RPKI validation cuts breach risk for networks

With only 40% of networks holding valid ROAs, global routing remains dangerously exposed to hijacks despite decades of warnings. The industry's reliance on the legacy Internet Routing Registry has created a false sense of security that cryptographic validation must urgently replace. We need to move from the error-prone IRR architecture to the mathematically rigorous Route Origin Authorizations that bind prefixes to specific ASNs. Practical deployment strategies using MyAPNIC and APNIC DASH turn complex telemetry into actionable filtering policies. (APNIC's reflecting on the routing security panel at apric...)

Current Cloudflare data shows that one in five users sits behind a network discarding invalid routes, leaving the vast majority unprotected against basic spoofing. (Cloudflare's rpki details) APNIC reports confirm that while 83% of Autonomous Systems document intentions in the IRR, this manual approach fails to stop malicious announcements in real-time. Until operators adopt these cryptographic tools at scale, the Internet's core stability relies on hope rather than verification.

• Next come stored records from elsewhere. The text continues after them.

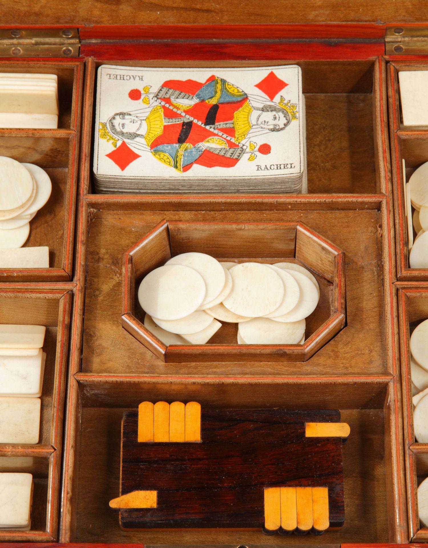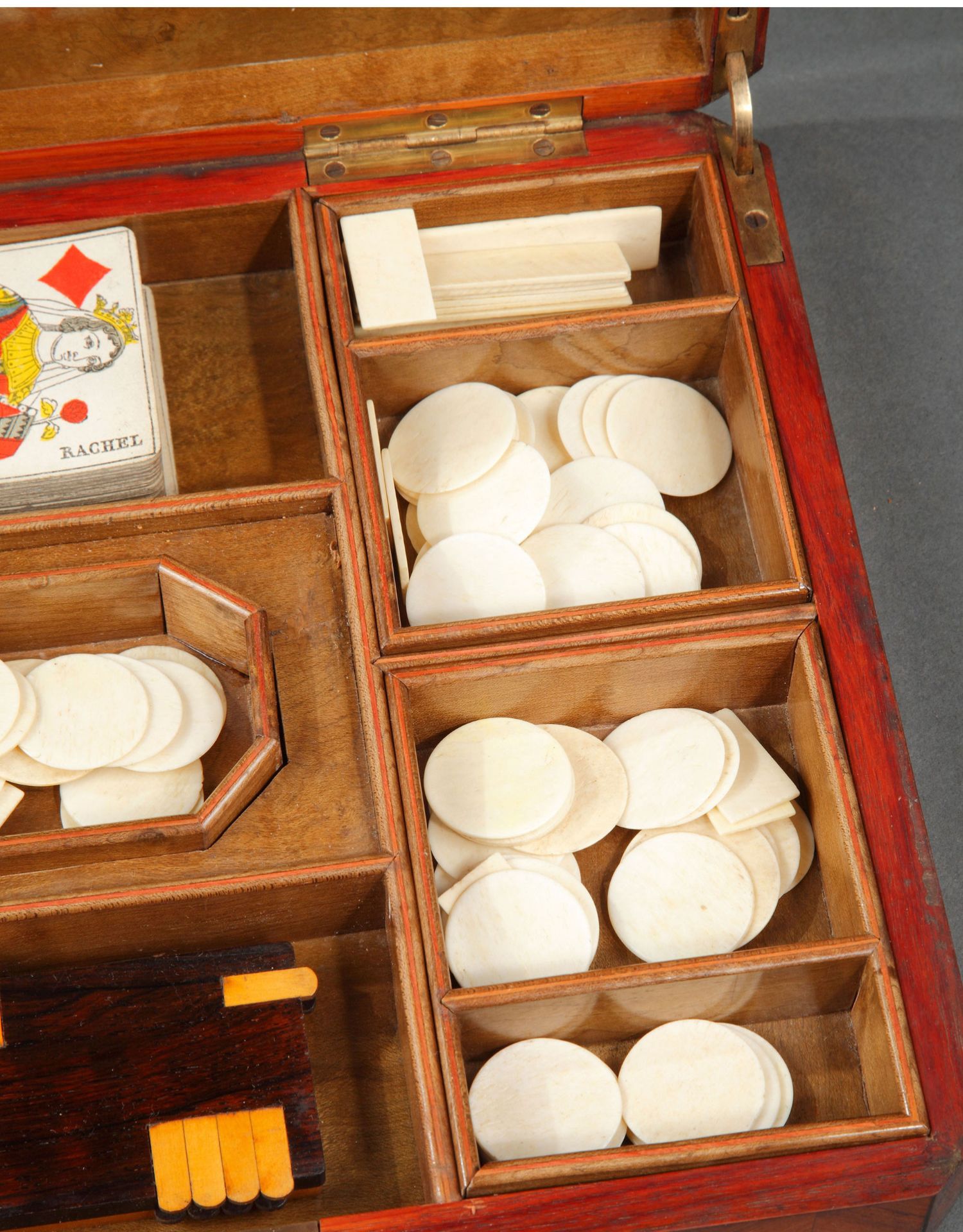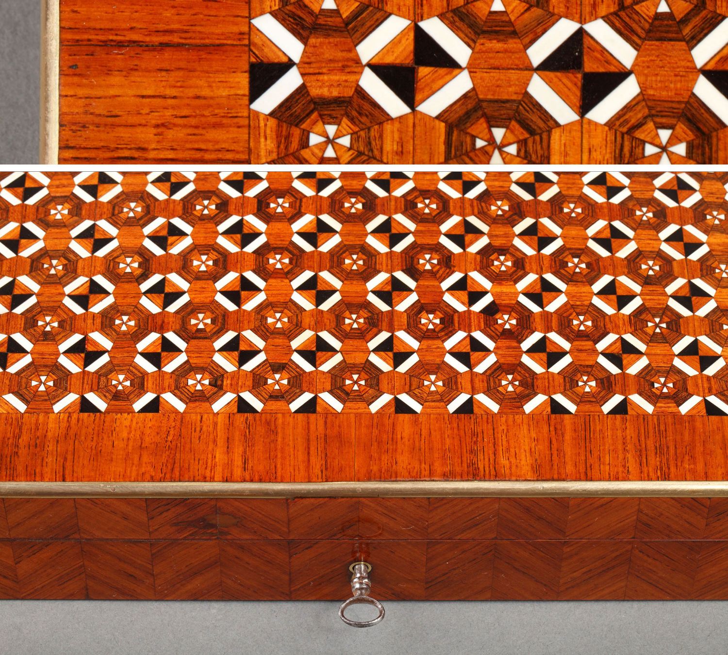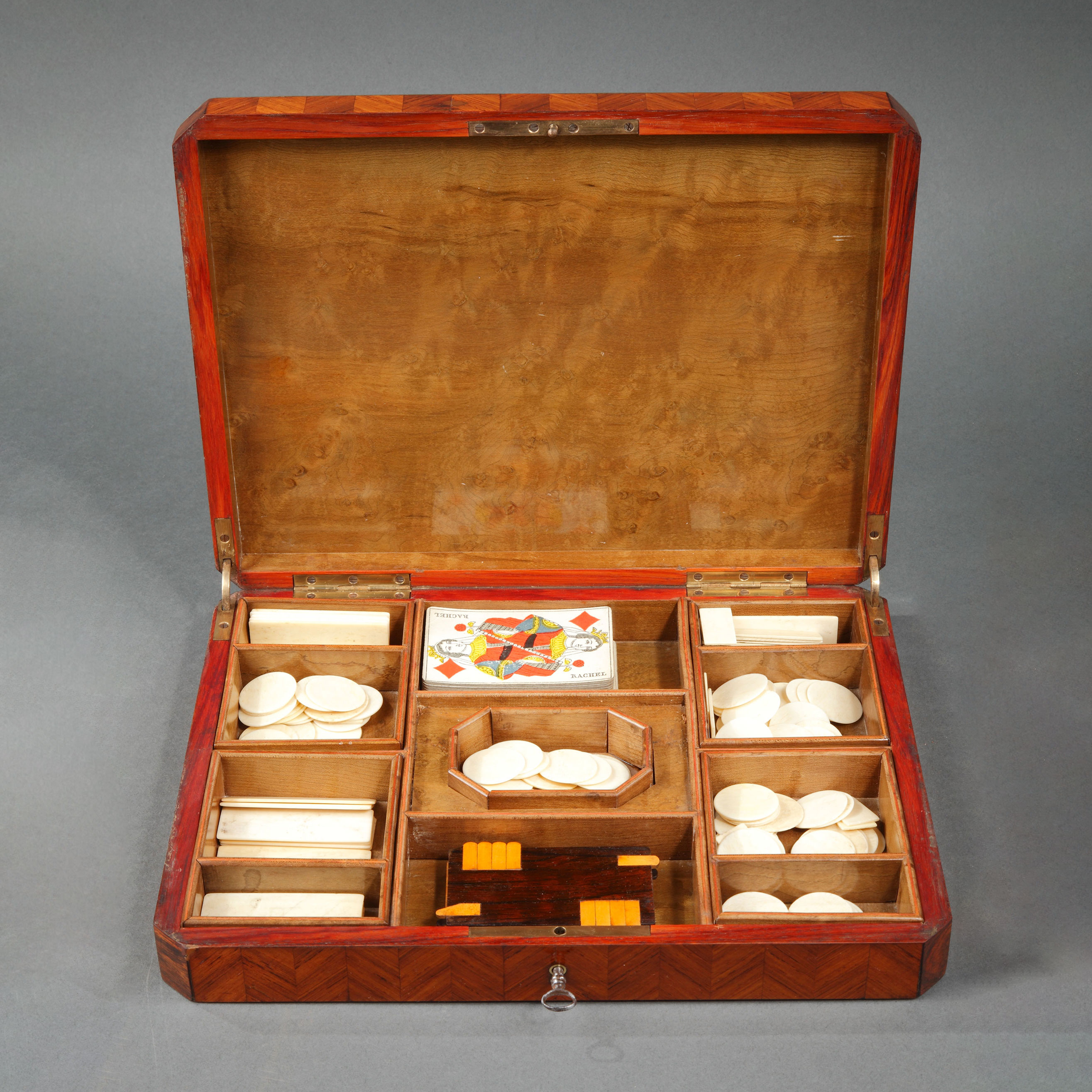 独角鹿西洋古董1852-1870年代拿破仑三世时期法国细木镶嵌游戏盒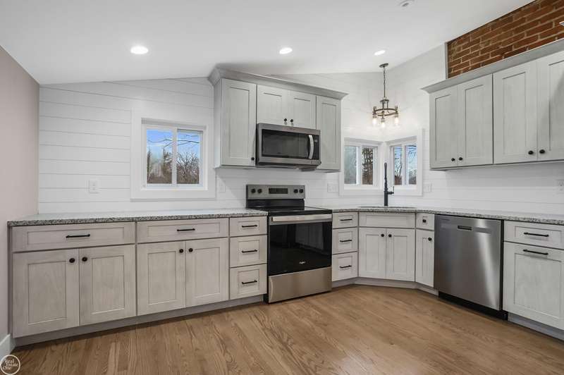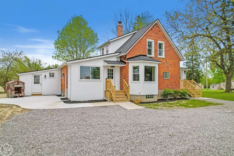 Ask how you can qualify for a 5.75% interest rate on this house! Country Paradise at a lower monthly payment. Escape to your own private retreat with 6+ acres of serene, wooded beauty--perfect for outdoor living, recreation, and year-round adventure. This beautifully updated split-level home blends farmhouse charm with modern finishes, offering comfort, style, and space for every need. Main Floor Comfort & Style. Step into a bright, welcoming foyer with refinished hardwood floors flowing through most of the main level. The brand-new kitchen features soft-close shaker cabinets with 42" uppers and crown molding, granite countertops, stainless steel appliances, and recessed lighting. A flexible room off the kitchen can serve as a formal dining area, home office, or playroom. Convenient first-floor laundry and a fully updated half bath add to the functionality. Private Owner's Suite The spacious primary bedroom offers a large walk-in closet, recessed lighting, ceiling fan, and a stunning new ensuite bath with a dual-sink granite vanity, relaxing clawfoot tub, and tiled shower with surround. Upstairs Retreat.; The second level features two generous bedrooms, a loft with new carpet, and a newly updated full bath with a dual-sink vanity, granite counter, and subway-tile shower with stone floor. Indoor-Outdoor Living. Enjoy the great room's abundant natural light, bay window, and open layout, or step outside to your new cement patio with outdoor fireplace--perfect for summer evenings under the stars. Extra Buildings for Work & Play. A large barn provides ample workshop space plus a finished bonus room for a home office, hobby space, or guest accommodations. Additional outbuildings are ready to store your outdoor gear, vehicles, or recreational toys. Move-in ready and set for your next adventure--welcome home to the best of country living. Other brand-new updates include: roof, roof sheathing, insulation, furnace and A/C, water heater, septic tank and field, updated electrical, updated plumbing, most windows replaced, vinyl siding, front and side entry stairs and decks. Large circular drive with new limestone.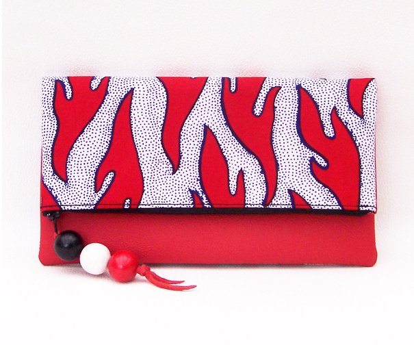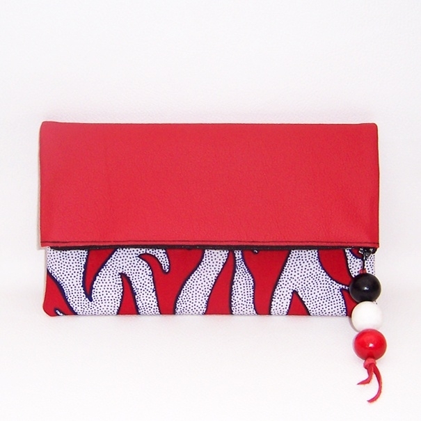 RUBI rode leren clutch met batik stof en houten kralen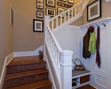 家中空間太小沒(méi)有衣帽間怎么辦,上面的這種拐角衣帽間設(shè)計(jì)則為你提供大大的便利,窄小的拐角可以放置下鞋柜和衣帽架等設(shè)施,而簡(jiǎn)約的白色不僅延續(xù)了整個(gè)樓梯的配色,而且也將衣帽間巧妙的隱藏了起來(lái),如此精巧設(shè)計(jì),簡(jiǎn)約大方,讓人喜愛(ài)不已。

The Evolution from IRR to Cryptographic Route Validation

RPKI Route Origin Authorizations and Cryptographic Binding

RPKI Route Origin Authorizations (ROAs) are signed objects binding prefixes to origin Autonomous System Numbers (ASNs) to eliminate manual drift. This framework addresses the inherent volatility of the legacy Internet Routing Registry (IRR) which relies on voluntary, unauthenticated data entry prone to errors. Stakeholders agreed upon the RPKI framework in 2012, establishing a hierarchical public key infrastructure where RIRs act as Trust Anchors (TAs) issuing certificates to members.

Real-time RTR sessions introduce a single point of failure if the cache connection drops. Hurricane Electric mitigates this risk by generating daily filter files as a primary defense layer rather than trusting live RTR streams alone. This hybrid approach ensures continuity when the RTR protocol session fluctuates, though it sacrifices immediate reaction to fresh ROA updates. Operators transitioning from IRR must accept that RPKI coverage has expanded notably yet remains incomplete for many legacy prefixes. Strict ROV rejection policies carry a measurable cost in lost reachability if ROAs contain errors.

IRR Manual Upkeep Versus RPKI Cryptographic Validation

Voluntary entries in the 1990s lacked strict validation, so manual IRR upkeep cannot match the cryptographic certainty of RPKI. Operators relying on legacy AS-SETs face significant risks when data drifts out of date due to human error. By October 2021, analysis revealed ROAs for only around 20% of RADB IRR records, exposing a massive consistency gap. The complexity of RPSL language often prevents accurate transcription into router configurations, leading to stale filters that permit unauthorized announcements.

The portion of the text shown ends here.